Molyneux agreed, saying that he wanted the new Fable game to be picked up by newbies: “We’re just using one button for Fable 2. For us there are too many buttons on the controller.” Koster had another fact, saying that there were “eighteen dimensions” of control across the 360 controller. “I counted,” he affirmed.
Harrison too wondered if the controller was the biggest stumbling block for accessible game design. He said that handing a non-gamer a gamepad was like “handing them a loaded gun, or a grenade with the pin pulled out.” He waved his hands about the emphasize the point in comedic fashion.
This brought the discussion full circle, with the lunch gang seeming to agree that next-generation interfaces would have to be simpler. Koster delivered a provocative tangent to this idea, saying that “Flash is the next gen console.” He illustrated this by citing the fact that he could play a Flash game at home on his PC, or with a stylus on his pocket PC, or even on his phone. “There are more Flash installs that there are consoles in the last two generations,” Raph pointed out. And it’s a technology that is evolving exponentially, as GDC keynote speaker Ray Kurzweil (who was referenced several times in the discussion) had highlighted. Koster also said that Flash will have 3D polygon transforms in Flash10, and OpenGL in the canvas tag was something that was being worked on for Firefox.
“Good luck making money on a Flash game,” said Neil Young. He saw the current trends as simply dispersing how and where games were played. Flash games might be ubiquitous, but they were not the future for the man from EA, who argued that the proliferation of platforms and interfaces simply served different needs for different games.
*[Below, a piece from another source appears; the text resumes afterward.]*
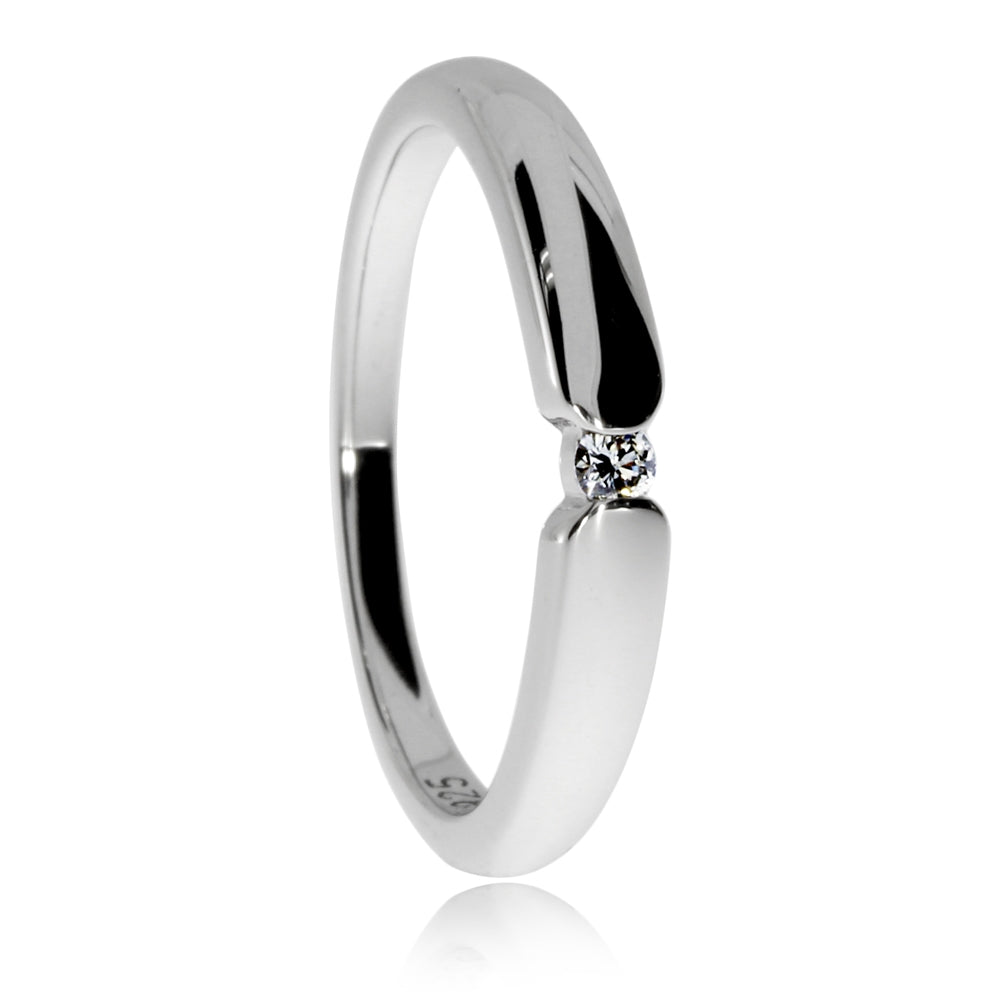 Stříbrný prsten s diamantem - 0,03 ct, SI1/G, průměr 2 mm

He did have some suggestions about what that might mean for hardware, however. “Maybe there doesn’t need to be a device in the home,” he suggested. “Can it be rendered on a server and delivered via the network?”
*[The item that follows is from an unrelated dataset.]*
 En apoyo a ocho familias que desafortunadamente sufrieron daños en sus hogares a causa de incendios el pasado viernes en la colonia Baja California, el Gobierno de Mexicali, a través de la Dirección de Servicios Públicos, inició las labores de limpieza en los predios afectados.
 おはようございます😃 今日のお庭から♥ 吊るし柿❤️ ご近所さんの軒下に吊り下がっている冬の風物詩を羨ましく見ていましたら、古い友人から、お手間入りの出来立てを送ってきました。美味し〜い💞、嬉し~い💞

Harrison said that the speed of light might have something to say about such undertakings, but journalist turned developer Gary Penn, sat in the background, said that it was already happening.
Chris Taylor seemed to think that something like that was close to the nature of where he wanted to go with gaming. “Secure PC gaming is the future,” he said. “All server based.”
At this point Whitta chimed in, paraphrasing something Harrison had said in a previous session. “Is this the last generation where physical media has any relevance?”
The group seemed unsure, but Harrison was admitted that “it’s moving away from the disc as a business model.” Was Whitta’s Blu-Ray collecting the behaviour of a dinosaur? Yes, they joked, but the reality seemed to be that no one saw physical media has having much traction in the coming years. Koster underlined he point by recalling a student recently asking, “What’s a CD player?”
Finally Molyneux made us all turn off our dictaphones so he could talk off the record about Fable 2. And… we can’t talk about that just yet, but obviously that was next-generation too.